DUBAI, July 5 (Reuters) – The private department of Sheikh Mohamed Bin Khalid Al Nahyan LLC (PD), a relatively small real estate player in Abu Dhabi owned by members of his ruling family, has hired banks for a first sale of US dollars – in sukuk, or Islamic bonds, according to a document released on Monday.
The company, which has a portfolio that is 90% concentrated in the capital of the United Arab Emirates and the rest in neighboring Dubai, has engaged Emirates NBD Capital (ENBD.DU) and First Abu Dhabi Bank (FAB.AD) as global coordinators .
Abu Dhabi Commercial Bank (ADCB.AD), Dubai Islamic Bank (DISB.DU) and Mashreq (MASB.DU) will join them in organizing investor appeals from Monday, according to the document from one of the banks.
A five-year sukuk sale will follow, subject to market conditions. The proceeds will fund capital spending and acquisitions, S&P Global Ratings said in a report.
The agency assigned PD a lower quality long-term issuer rating of ‘BB’, limited by its ‘limited portfolio size in a fragmented and weak Abu Dhabi real estate market and high leverage’, but “supported by good asset quality, geographic advantage and strong shareholders.”
The bond sale would largely refinance existing loans, two sources with knowledge of the matter said, with one adding that it would likely be around $ 500 million.
The Gulf rarely sees private companies tapping into international debt markets, and one of the sources said the deal would pave the way for new issuers.
âThey will come back to the market.
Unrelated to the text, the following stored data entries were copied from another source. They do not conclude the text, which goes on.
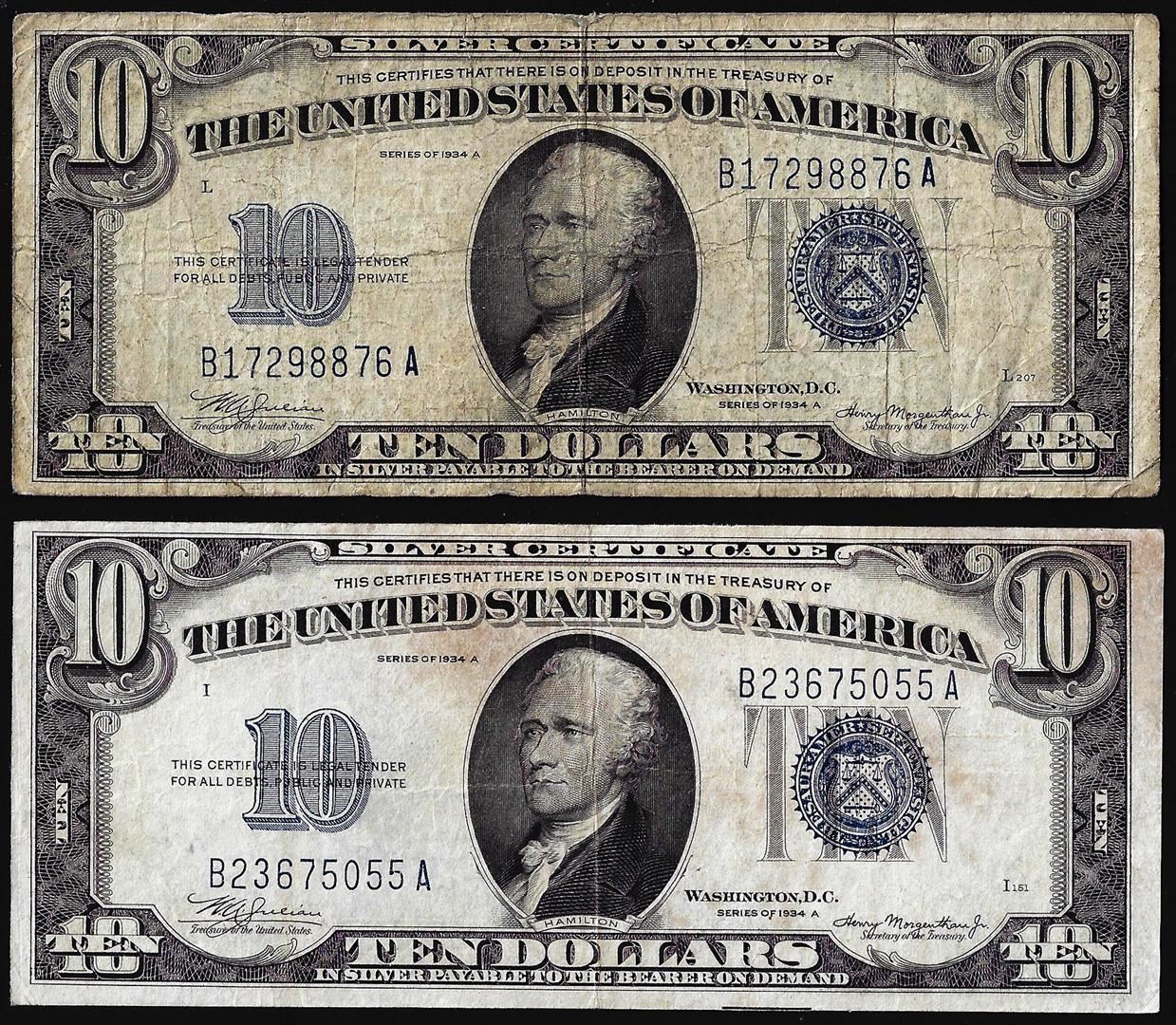 One Lot of (2) 1934A $10 Silver Certificate Notes.
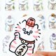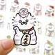材质:贴纸为白底贴纸上雾膜,外盒为白色纸包装盒,每包贴纸以夹链袋包装,一包8张不同图案,内含10包,共80只不同图案的招财猫
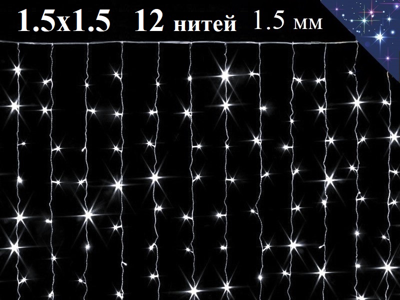 Гирлянда штора Холодная белая 1.5х1.5 метра с постоянным белым свечением 160 диодов на 12 нитях ярко украсит окно в Вашем доме и создаст праздничное настроение.
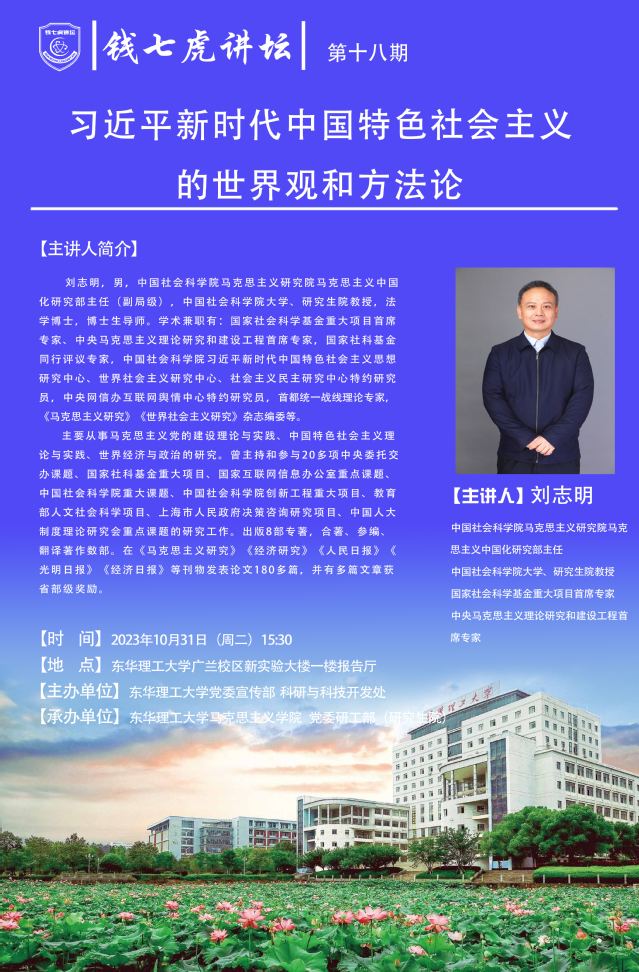 应党委宣传部邀请,中国社会科学院刘志明研究员来到“爱体育官方网站”,以“习近平新时代中国特色社会主义思想的世界观和方法论”为主题开展讲座。欢迎全校师生届时前往聆听。
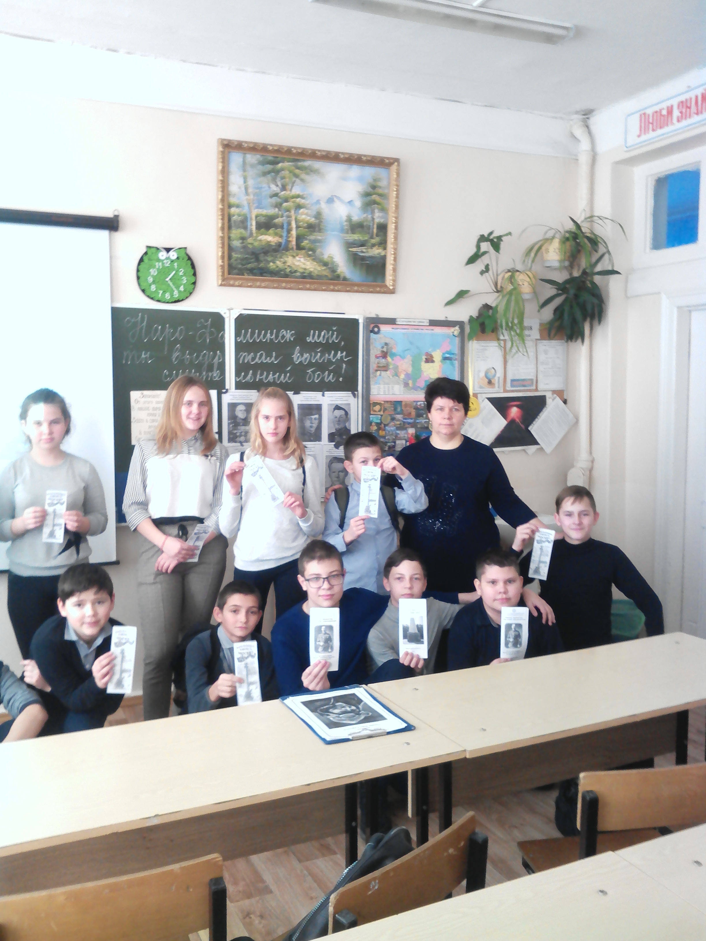 Библиотекарь сельского отдела обслуживания читателей в п. Архангельский Жукова В.Н. для учащихся Назарьевской средней школы провела литературную композицию, посвященную Дню освобождения Наро-Фоминска от немецко-фашистских захватчиков.
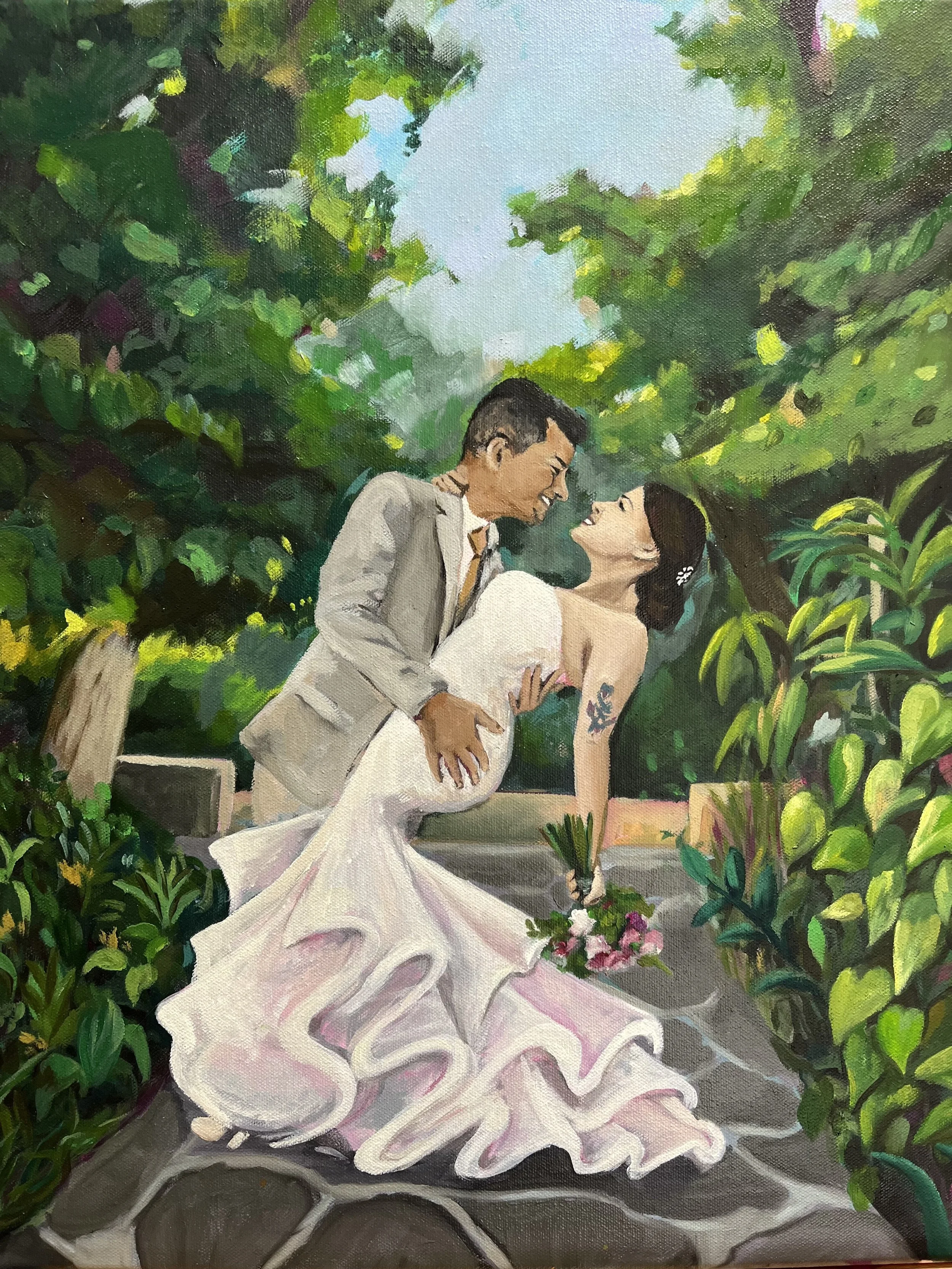 There are many different factors artists consider to determine their pricing. I personally think that I am still at an early stage of my artistic career as a college student. My current priorities are building a community around my work, gaining experiences outside University, and solidifying my artistic style before graduation. Therefore, I opted to price my live wedding paintings relatively close to my personal works.
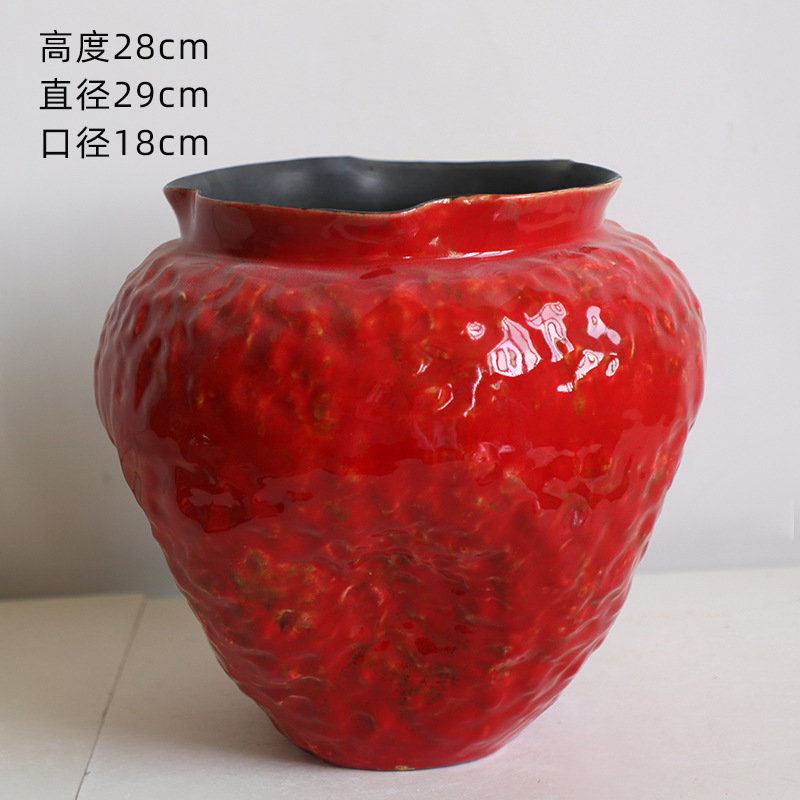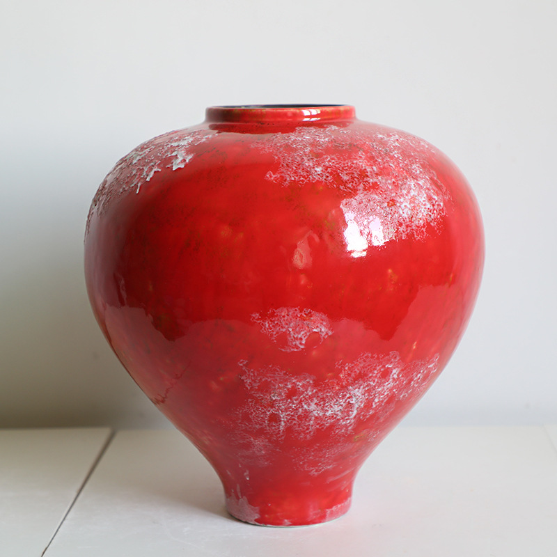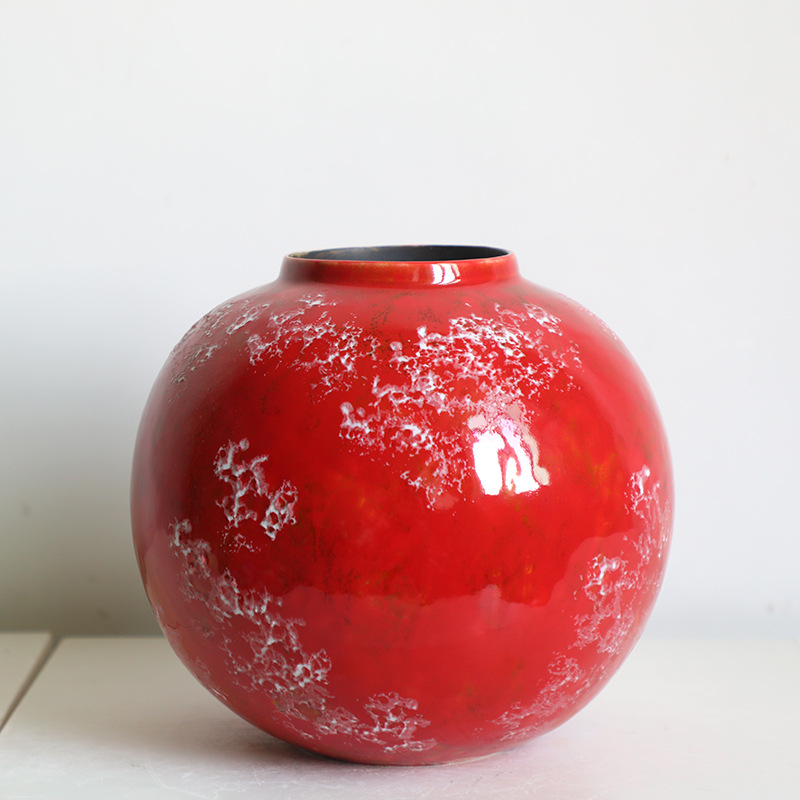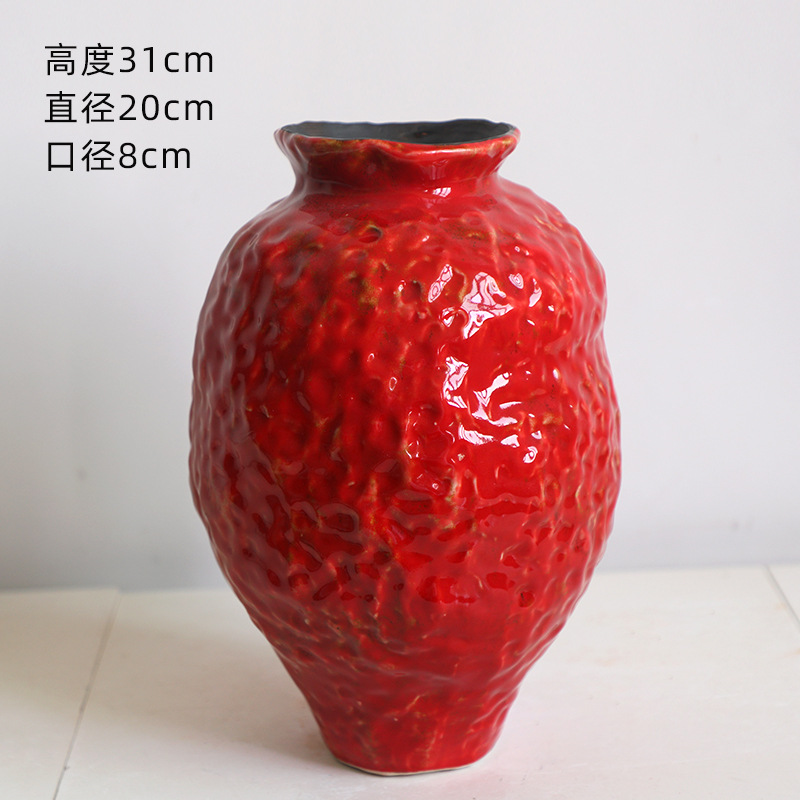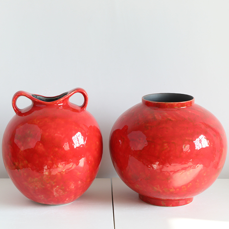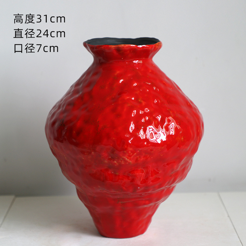 레드 라운드 세라믹 꽃병 모던 뉴 중국식 거실 꽃꽂이 장식품 모형실 홈스테이 입구 고급 장식스토어 가기

This is the first transaction,â the source said, adding that the goal was to follow this first five-year deal with medium and long-term funding going forward.
“Enough of the same,” the source said, referring to a region where sovereigns have made up about half of the volume of issuance over the past two years, although they are expected to represent a smaller share of the market this year. .
The company said in an investor presentation reviewed by Reuters that its “strong relationship with the Abu Dhabi government” gave it priority assistance in obtaining rezoning and planning approvals, as well as demonstrated support and advice. financial and in-kind contributions, as well as other benefits.
PD’s developing properties are expected to drive revenue growth of between 4-5% this year and 25-30% in 2022. Its portfolio âwill remain small in a regional contextâ despite potential additions and acquisitions, S&P said. .
The real estate market in the United Arab Emirates – an important component of the country’s gross domestic product – suffered last year amid the coronavirus crisis, with prices in Abu Dhabi and Dubai falling sharply.
âThe Abu Dhabi real estate market is at a low point in the cycle, which could hamper the growth of the company,â said S&P.
The company’s total debt stood at 2.17 billion dirhams ($ 590.86 million) at the end of 2020, according to the presentation to investors.